The shift to a focus on power consumption was already happening anyway without the iphone even on desktop. CPUs were already in the nuclear reactor territory as far as being able to produce as much heat per unit area
* The arrival of video cards around 1997 (focus shifted from general computation to digital signal processing)
* The arrival of the iPhone around 2007 (focus shifted from performance to power consumption)
I'd vote to undo these setbacks by moving to local data processing, where a large number of cores each have 1/N of the total memory, shared by M memory busses. Memory controllers would manage shuffling data to where it's needed so that the memory appears as 1 contiguous address space to any process.
In other words, this would look identical to the desktop CPUs we have today, just with a large number of cores (over 256) and a memory bandwidth many hundreds or thousands of times faster than what we have now if it uses content-addressable memory with copy-on-write internally. The speed difference is like comparing BitTorrent to FTP, and why GPUs run orders of magnitude faster than CPUs (unfortunately limited to their narrow use cases).
This would let us get back to traditional programming in the language of our choice (perhaps something like Erlang, Go or Octave/MATLAB) rather than shaders.
Apple appears to be trying to do this with their M1 and ideas loosely borrowed from transputers. But since their goals are proprietary, they won't approach anything close to the general computing power available from the transistor count for at least a decade, maybe never.
So there's an opportunity here for someone to reintroduce multicore CPUs and scalable transputers composed of them. Then we could write whatever OpenGL/Vulkan/Metal/TensorFlow libraries we wanted over that, since they are trivial with the right architecture.

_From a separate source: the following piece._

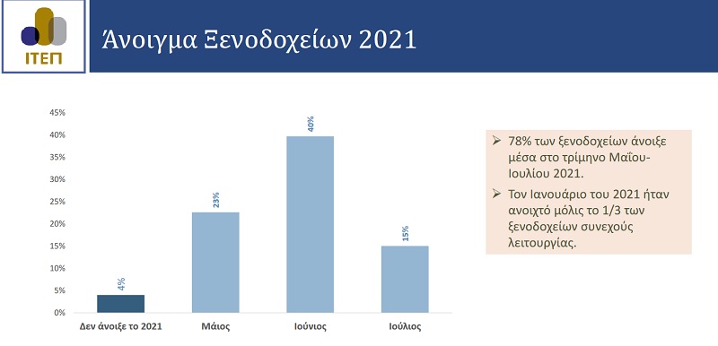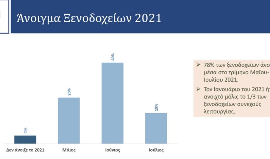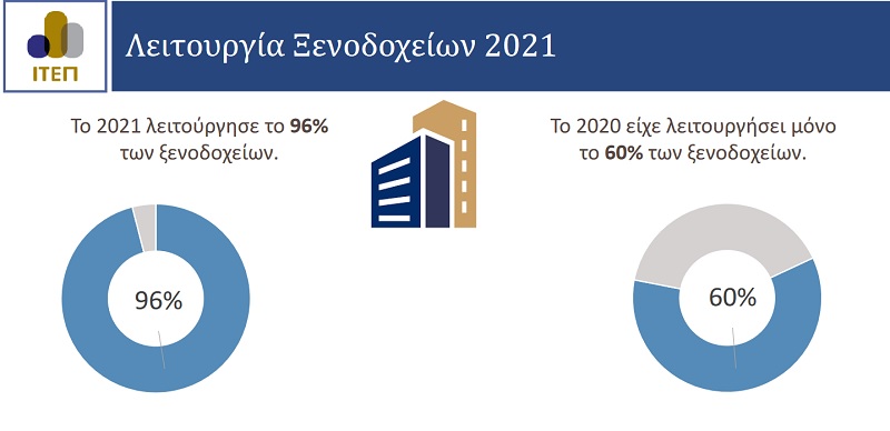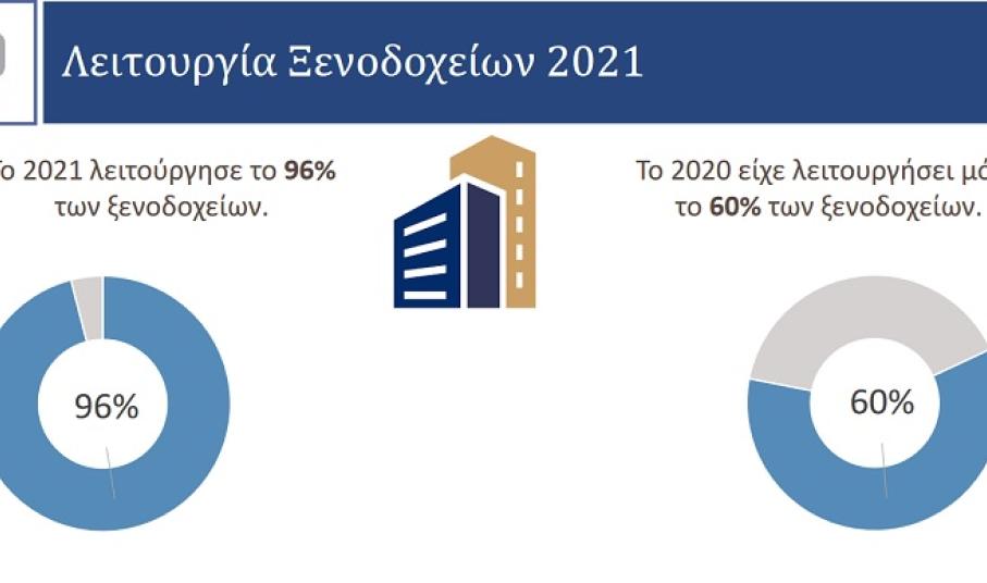 Ειδικότερα, διαπιστώνεται ότι το 2021 λειτούργησε το 96% των ελληνικών ξενοδοχείων, με μέση πληρότητα 68% και μέση τιμή του δίκλινου δωματίου τα 68 ευρώ. Τρία στα τέσσερα ξενοδοχεία ανοίξανε μεταξύ Μαΐου και Ιουλίου, ενώ ο συνολικός τζίρος τους ανήλθε σε 5,48 δις ευρώ, δηλαδή 35% χαμηλότερος από τον αντίστοιχο τζίρο του 2019.

This would also allow us to drop async and parallel keywords from our languages and just use higher-order methods which are self-parallelizing. Processing big data would "just work" since Amdahl's law only applies to serial and sequential computation.
The advantages are so numerous that I struggle to understand why things would stay the way they are other than due to the Intel/Nvidia hegemony. And I've felt this way since 1997, back when people thought I was crazy for projecting to the endgame like with any other engineering challenge.